Paul Fridolin Kehr (28 December 1860, Waltershausen – 9 November 1944, Wässerndorf) was a German historian and archivist.

In 1893, he was appointed professor of history and auxiliary sciences at the University of Marburg, and two years later, procured the same title at the University of Göttingen (from 1895).

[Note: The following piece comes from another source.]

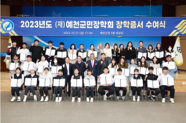 재단법인 예천군민장학회는 지난 27일 오후 5시 예천군청 대강당에서 2023년도 장학금 및 포상금 수여식을 개최했다.

In 1903, he was named director of the Prussian Historical Institute in Rome, and in 1915 became general director of the Prussian State Archives. During the same year, he became chairman of the central directorate of "Monumenta Germaniae Historica", as well as director of the Kaiser Wilhelm Institute for German History. In 1940, he was awarded the Eagle Shield of the German Reich with the distinction "The outstanding researcher of medieval history". Kehr died in Wässerndorf and was buried in the private cemetery of those of Pölnitz near Hundshaupten Castle.

== Publications ==
Kehr is best known for documentary research on the Papacy and of German imperial history. He was editor or co-editor of the following:
- Päpstliche Urkunden und Regesten aus den Jahren 1358–78 (two volumes 1886–1889) – Papal documents and summaries from the years 1358–78.
- Die Urkunden Otto III. (1889) – The documents of Otto III.
- Regesta Pontificum Romanorum ("Italia pontifica", seven volumes, Berlin 1906–1925) – documents issued by the papacy relevant to Italian churches
- Germania sacra (Volume 1, Berlin 1929).